Les historiens attachent à cette période de transition la coutume de “sacrifice des premiers-nés” considérant que ce geste pouvait avoir pour but de marquer le renoncement de chaque groupe à la possession du premier enfant d’un couple. Ces “enfants de la discorde” furent sacrifiés en signe d’apaisement et de renoncement des deux familles rivales à leurs prérogatives sur ces enfants. Ces rivalités provoquèrent des hostilités meurtrières dont le meurtre des premiers-nés constitua une solution transitoire. Ainsi, le premier né n’appartiendra ni à l’oncle maternel, ni au père, mais sera désormais consacré aux dieux nouveaux, aux dieux-pères. Symboliquement, ce meurtre apparaît comme un “partage” de l’enfant. Ne fallait-il pas trancher le lien de sang matrilinéaire pour faciliter la liquidation de la famille tiraillée entre deux “pères” et l’instauration de la nouvelle famille patrilinéaire ? La circoncision en est un vestige. Les nombreuses “immolations d’enfants” narrées dans le corpus mythique, relatif à la Toison d’Or ou à d’autres récits, ont très certainement un lien avec la généralisation du droit paternel.
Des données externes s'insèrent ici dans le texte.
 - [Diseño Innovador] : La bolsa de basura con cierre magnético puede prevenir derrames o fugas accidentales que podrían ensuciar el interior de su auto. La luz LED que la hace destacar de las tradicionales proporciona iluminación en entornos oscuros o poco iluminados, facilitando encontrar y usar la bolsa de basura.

Meurtre du fils et meurtre du père

Le meurtre du père par le fils, et vice versa, est un thème récurrent dans la mythologie grecque (Ouranos, Chronos & Zeus, Jason & Eson, Persée & Acrisios…), et semble avoir pour origine, d’une part le complexe d’œdipe (qui met dès sa naissance l’enfant en concurrence avec son père pour s’accaparer la mère), et d’autre part, la mère qui élève l’enfant dans la haine du père, puisqu’à l’origine, le mariage est un viol, une prostitution sacrée. Ainsi, Gaïa (déesse-mère de la Terre) complote avec ses enfants le meurtre de leur père Ouranos, dieu du ciel. Et c’est en représailles qu’est apparu le meurtre de la mère (voir le Matricide d’Oreste). C’est pourquoi le père en retour, a tendance à assassiner son premier enfant, afin d’affirmer sa puissance paternelle (en droit romain : patria potestas du pater familias), et ainsi prévenir toute rébellion (Cronos, dieu du temps, qui dévore ses propres enfants)…
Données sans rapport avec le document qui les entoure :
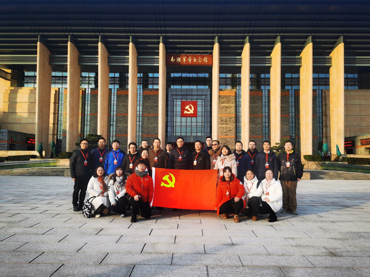 在南湖革命纪念馆中,讲解员带领大家,以党的初心和使命为主线、以党的发展历程为脉络,先后参观“救亡图存”“开天辟地”“光辉历程”“走向复兴”等展厅,追寻革命领袖的历史足迹,重温中国共产党波澜壮阔的峥嵘岁月。南湖革命纪念馆宣誓广场上,大家在党委书记顾建平同志的带领下,面向鲜红的党旗,庄严郑重地举起右手,重温入党誓词。

Les archéo-historiens rattachent les mythes d’Ouranos, Cronos, Œdipe, Médée et bien d’autres, à cette période historique qui fut une charnière. On voit en outre que le mariage est une institution étroitement liée à ce changement du droit de la filiation. Ce n’est que par le mariage que le géniteur pouvait faire reconnaître son droit de paternité; c’est le mariage qui le faisait père des enfants de son épouse. Sans mariage pas de paternité.Il y eut donc simultanéité historique entre la création du mariage, la préemption des enfants par le géniteur, le sacrifice des premiers-nés, et le meurtre du père, puis de la mère.